Below are lines of data, and only some are wanted. Please repeat exactly those from the line that has "2 IP camera" through the line that has "Intense reiniging, Whitening".

Data section:
+++++
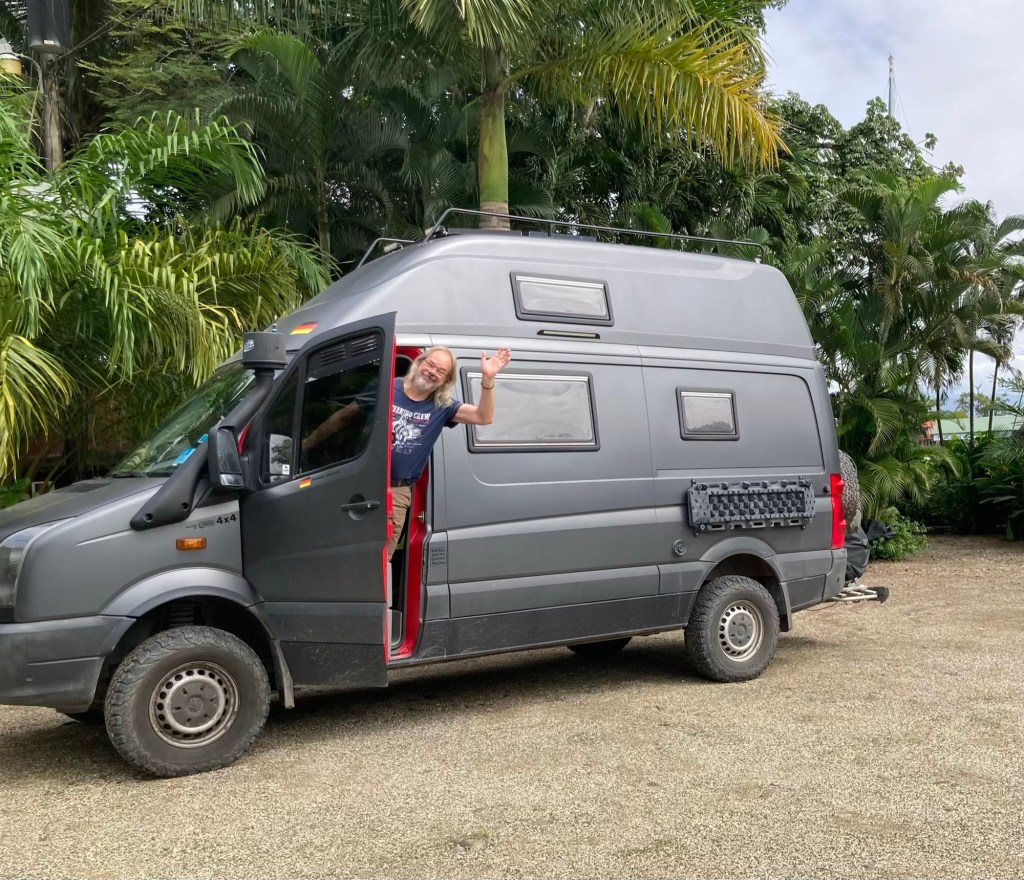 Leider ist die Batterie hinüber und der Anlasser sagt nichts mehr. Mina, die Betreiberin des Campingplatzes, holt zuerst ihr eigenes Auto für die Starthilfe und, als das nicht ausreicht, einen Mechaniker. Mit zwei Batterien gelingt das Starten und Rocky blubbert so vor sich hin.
+++++
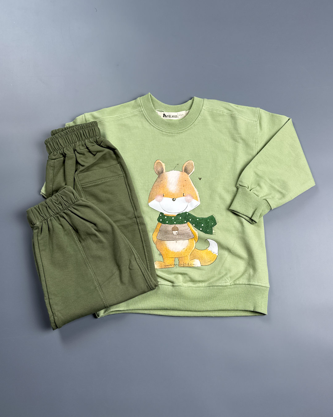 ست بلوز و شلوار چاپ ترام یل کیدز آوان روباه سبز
+++++
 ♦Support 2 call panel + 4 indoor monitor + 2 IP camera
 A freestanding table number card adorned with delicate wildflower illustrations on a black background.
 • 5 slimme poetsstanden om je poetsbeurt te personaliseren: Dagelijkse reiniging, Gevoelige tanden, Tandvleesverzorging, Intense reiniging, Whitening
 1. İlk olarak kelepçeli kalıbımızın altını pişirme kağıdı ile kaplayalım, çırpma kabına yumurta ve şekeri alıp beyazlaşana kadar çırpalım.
+++++
Answer section:
 ♦Support 2 call panel + 4 indoor monitor + 2 IP camera
 A freestanding table number card adorned with delicate wildflower illustrations on a black background.
 • 5 slimme poetsstanden om je poetsbeurt te personaliseren: Dagelijkse reiniging, Gevoelige tanden, Tandvleesverzorging, Intense reiniging, Whitening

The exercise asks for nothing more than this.